Required action:
Your answer should hold the data exactly as given, minus any picture.

# # # # #

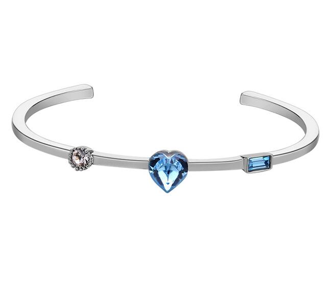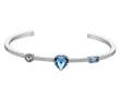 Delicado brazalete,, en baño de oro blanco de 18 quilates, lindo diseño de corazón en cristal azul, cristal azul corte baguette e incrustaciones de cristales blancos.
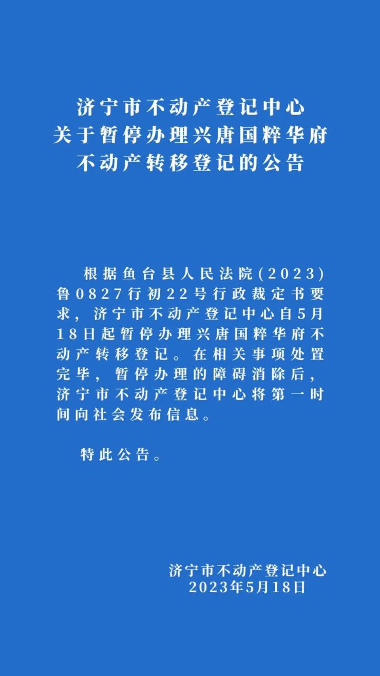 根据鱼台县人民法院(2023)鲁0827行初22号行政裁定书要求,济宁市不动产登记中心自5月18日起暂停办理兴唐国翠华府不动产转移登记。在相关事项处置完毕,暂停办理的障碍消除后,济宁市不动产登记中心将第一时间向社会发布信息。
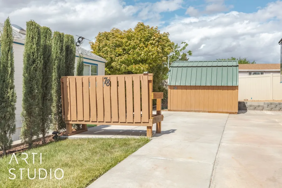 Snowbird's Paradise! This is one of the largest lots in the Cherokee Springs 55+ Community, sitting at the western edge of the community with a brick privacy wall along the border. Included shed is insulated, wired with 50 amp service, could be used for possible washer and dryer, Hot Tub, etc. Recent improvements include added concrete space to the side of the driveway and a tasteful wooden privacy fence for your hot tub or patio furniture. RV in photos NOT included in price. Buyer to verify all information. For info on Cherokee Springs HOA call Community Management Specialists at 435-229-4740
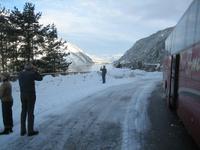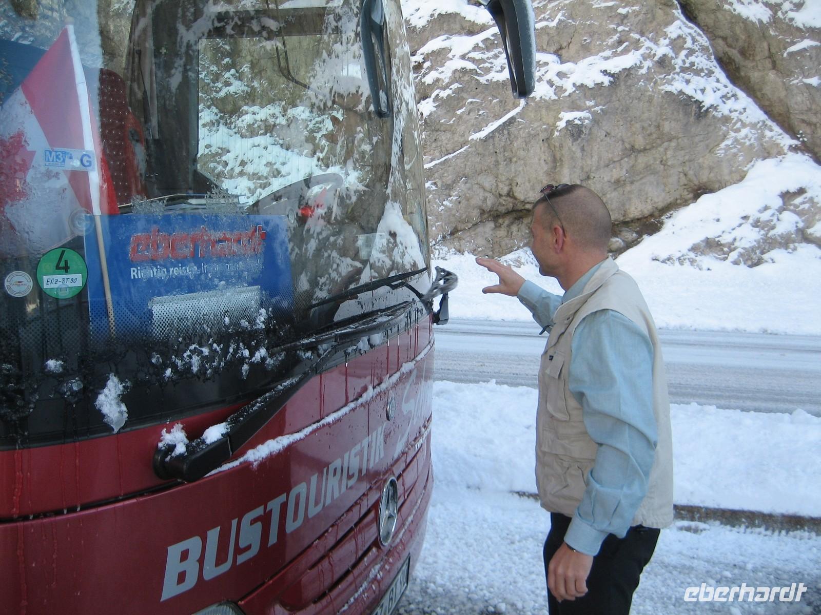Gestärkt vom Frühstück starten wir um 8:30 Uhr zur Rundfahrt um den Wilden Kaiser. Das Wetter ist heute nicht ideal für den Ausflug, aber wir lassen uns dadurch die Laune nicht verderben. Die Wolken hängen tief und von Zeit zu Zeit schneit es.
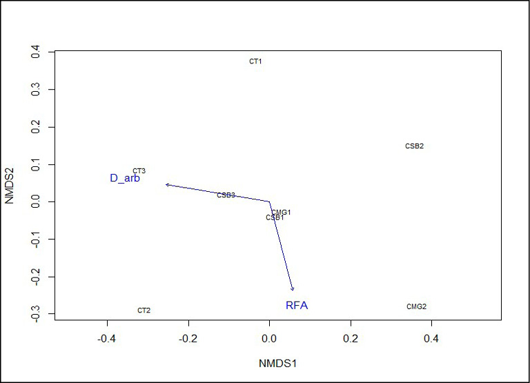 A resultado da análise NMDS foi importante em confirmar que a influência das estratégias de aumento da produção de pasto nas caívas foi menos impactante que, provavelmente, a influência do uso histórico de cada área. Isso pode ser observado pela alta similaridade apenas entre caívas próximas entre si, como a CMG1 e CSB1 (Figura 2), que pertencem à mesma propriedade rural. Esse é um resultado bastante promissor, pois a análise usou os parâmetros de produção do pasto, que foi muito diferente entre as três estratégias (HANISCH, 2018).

# # # # #

Exercise response:
 Delicado brazalete,, en baño de oro blanco de 18 quilates, lindo diseño de corazón en cristal azul, cristal azul corte baguette e incrustaciones de cristales blancos.
 根据鱼台县人民法院(2023)鲁0827行初22号行政裁定书要求,济宁市不动产登记中心自5月18日起暂停办理兴唐国翠华府不动产转移登记。在相关事项处置完毕,暂停办理的障碍消除后,济宁市不动产登记中心将第一时间向社会发布信息。
 Snowbird's Paradise! This is one of the largest lots in the Cherokee Springs 55+ Community, sitting at the western edge of the community with a brick privacy wall along the border. Included shed is insulated, wired with 50 amp service, could be used for possible washer and dryer, Hot Tub, etc. Recent improvements include added concrete space to the side of the driveway and a tasteful wooden privacy fence for your hot tub or patio furniture. RV in photos NOT included in price. Buyer to verify all information. For info on Cherokee Springs HOA call Community Management Specialists at 435-229-4740
Gestärkt vom Frühstück starten wir um 8:30 Uhr zur Rundfahrt um den Wilden Kaiser. Das Wetter ist heute nicht ideal für den Ausflug, aber wir lassen uns dadurch die Laune nicht verderben. Die Wolken hängen tief und von Zeit zu Zeit schneit es.
 A resultado da análise NMDS foi importante em confirmar que a influência das estratégias de aumento da produção de pasto nas caívas foi menos impactante que, provavelmente, a influência do uso histórico de cada área. Isso pode ser observado pela alta similaridade apenas entre caívas próximas entre si, como a CMG1 e CSB1 (Figura 2), que pertencem à mesma propriedade rural. Esse é um resultado bastante promissor, pois a análise usou os parâmetros de produção do pasto, que foi muito diferente entre as três estratégias (HANISCH, 2018).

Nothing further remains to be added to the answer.